3-Give em what they are looking for! These people are not (necessarily) spending time in the cold for kicks and giggles. they are looking for some help- from you! and when you do give them a can of tuna here, or a box of cereal there- you affirm their presence and help everyone feel all warm and fuzzy inside. its a win-win.

4- If you feel like this is just another gammit- talk to those people! find out what we are about! ask great questions! heck- you might make a new friend, or find out that they are looking for volunteers to help out....which is great because you have been looking to make some new friends and spend time with a worthwhile organization to give back to your community ;) also- this helps prevent us from talking to ourselves so we dont get bored. another win.

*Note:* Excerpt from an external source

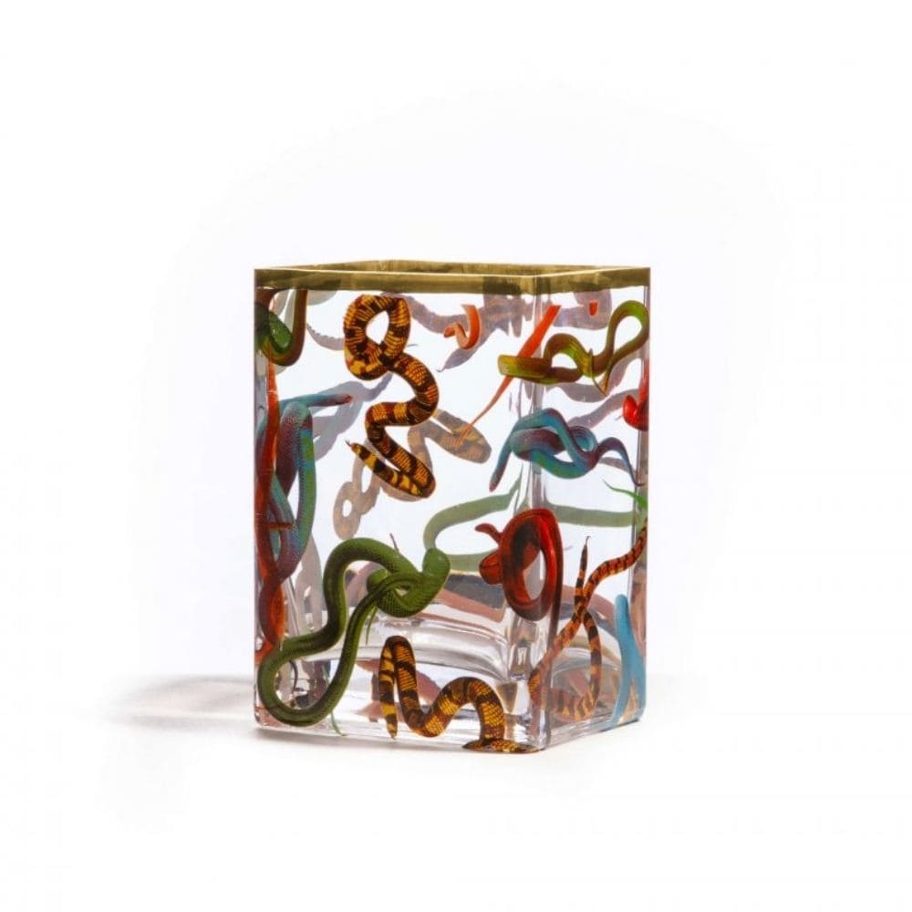 The Seletti Toiletpaper Rectangular Glass Vase blends irony, design, and craftsmanship into a single collectible piece. Conceived by Maurizio Cattelan & Pierpaolo Ferrari, it embodies the playful yet refined spirit of Toiletpaper Home. With its sleek shape and pop-inspired print, this glass vase turns everyday decor into an unexpected statement of wit and sophistication. It’s not just an accessory: it’s a small sculpture that reflects the duo’s surreal imagination and the power of Italian design to turn the ordinary into the extraordinary.
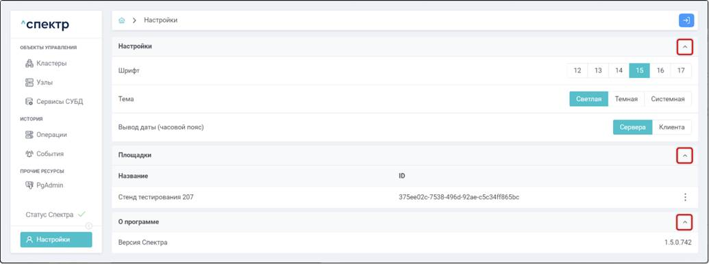1. Для раскрытия / скрытия списка параметров конфигурации нужно нажать на элемент управления слева от наименования конфигурации:

5- Feeling like you are not going to make any difference? Let me tell you from experience- if every person who walked into the door of the store during my 5 hour shifts brought out one can- just ONE can-of soup, we would have enough to feed my clients for a month. one can CAN make all the difference in the world. i have seen it with my own eyes. when i get a grocery bag ready for a client and stick in a can of soup i collected the week before at one of these collection events, then i see it go to my client who is SO appreciative. well, it makes a difference. believe me.

6- Man, that person collecting food out there looks cold, tired, and kind of hungry.....guess what- we ARE! the best thing that ever happened to me was when a lady came out with a bagful of groceries for us, then a smoothie for me. she told me that she wanted me to take care of myself so that i could help others better. i will NEVER forget that. ever. such kindness. the best smoothie i will ever have.

7- Volunteer with us! If you are looking to restore your hope in humanity and see some instant gratification (lets say, 900 pounds of food in a van that was empty in the morning but is now full at the end of the day with food)- you found the perfect thing! And you get to meet new people, have cool conversations, etc etc

8- Forgot to get some food while inside the store? We take cash donations ;) just sayin....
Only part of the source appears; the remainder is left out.